L'autre tour de force architectural se cache à l'est du complexe : un gratte-ciel de verre de 103 mètres qui abrite les bureaux de la Deutsche Bahn, le plus haut bâtiment de Potsdamer Platz. Sa façade en acier brossé de 1,5 mm d'épaisseur reflète perpétuellement son environnement, créant des jeux de miroirs avec les structures voisines.
L'histoire la plus fascinante du Sony Center concerne le Kaisersaal de l'ancien Grand Hôtel Esplanade. Lors de la planification, les architectes réalisent que les fragments survivants de ce palace historique n'ont pas été pris en compte. Plutôt que de détruire ce vestige, ils décident de déplacer l'intégralité du salon impérial sur 75 mètres à l'aide d'un coussin d'air. Aujourd'hui, ce bijou Art nouveau aux dorures éclatantes contraste délicieusement avec le verre et l'acier qui l'entourent.
Le conseil d'ami : revenez au Sony Center après la tombée de la nuit pour assister au spectacle lumineux du toit. Le show débute avec une lumière blanche qui prolonge artificiellement le jour, puis les couleurs évoluent progressivement du cyan au magenta pendant environ 15 minutes. Le meilleur point de vue ? Installez-vous à une terrasse du forum avec une bière allemande.
Le complexe hébergeait autrefois la Deutsche Kinemathek - Museum für Film und Fernsehen, temple du cinéma allemand où les collections permanentes racontaient l'histoire du septième art germanique depuis les films muets expressionnistes jusqu'aux productions contemporaines. Le musée a déménagé vers le quartier de E-Werk et rouvrira au quatrième trimestre 2025 après rénovation. Les 13 salles d'exposition présentaient plus de 1000 objets : costumes originaux de Marlene Dietrich, accessoires des films de Fritz Lang, évolution des techniques depuis le muet jusqu'aux effets numériques.
Le Legoland Discovery Centre occupe l'un des étages avec ses ateliers de construction et sa reproduction miniature de Berlin en briques colorées. Le cinéma Arsenal, dédié au cinéma expérimental et d'auteur, programme régulièrement des rétrospectives et des œuvres rares. Les cinémas commerciaux IMAX ont fermé fin 2019, mais l'offre culturelle reste riche avec expositions temporaires et projections spéciales pendant la Berlinale.

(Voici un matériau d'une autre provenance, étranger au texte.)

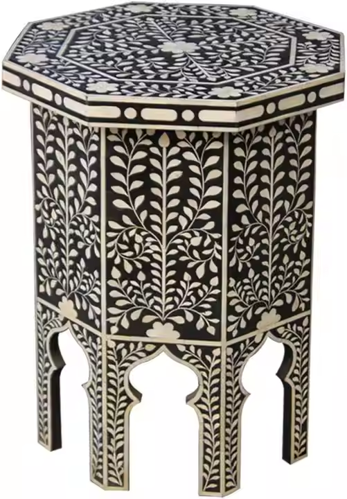 Tabouret latéral de console en incrustation d'os Tabouret latéral de lit géométrique ou meuble d'incrustation d'os de table par Crescent Crafts

En 2025, le Center Potsdamer Platz entame une phase de modernisation. Les travaux prévoient la refonte complète des espaces verts et extérieurs, l'amélioration des bâtiments de bureaux et l'élargissement de l'offre gastronomique et commerciale. Cette transformation vise à revitaliser un lieu dont certains visiteurs trouvent l'atmosphère un peu aseptisée, trop lisse dans sa version actuelle.
L'objectif : retrouver ce mélange unique de vie urbaine spontanée et d'architecture audacieuse qui faisait de Potsdamer Platz le carrefour le plus fréquenté d'Europe dans les années 1920. Le complexe reste accessible en permanence et continue d'attirer les Berlinois et touristes qui viennent flâner, boire un verre ou simplement admirer cette prouesse technique où le textile danse avec la lumière.